[Goal of the exercise]
For this exercise, transcribe every line of the material exactly and skip the pictures.

[Dataset excerpt]
BEGIN

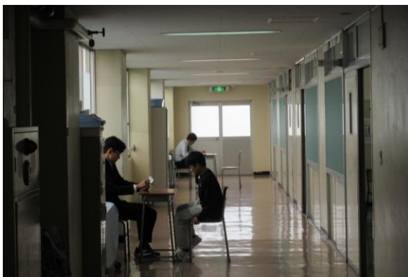
「二者面談」学期に一度、担任の先生と面談をします。
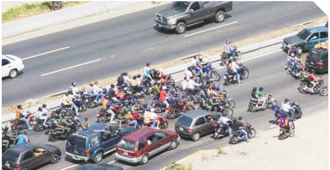
La muerte de delincuentes vinculados con organizaciones socialistas genera distorsiones. En algunos casos, efectivos de la GNB custodian las caravanas fúnebres.
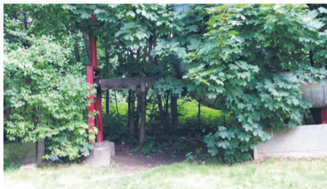
Zarośnięte chaszczami, nieoznakowane i niebezpieczne przejście przez tory

END

[Task result]
「二者面談」学期に一度、担任の先生と面談をします。
La muerte de delincuentes vinculados con organizaciones socialistas genera distorsiones. En algunos casos, efectivos de la GNB custodian las caravanas fúnebres.
Zarośnięte chaszczami, nieoznakowane i niebezpieczne przejście przez tory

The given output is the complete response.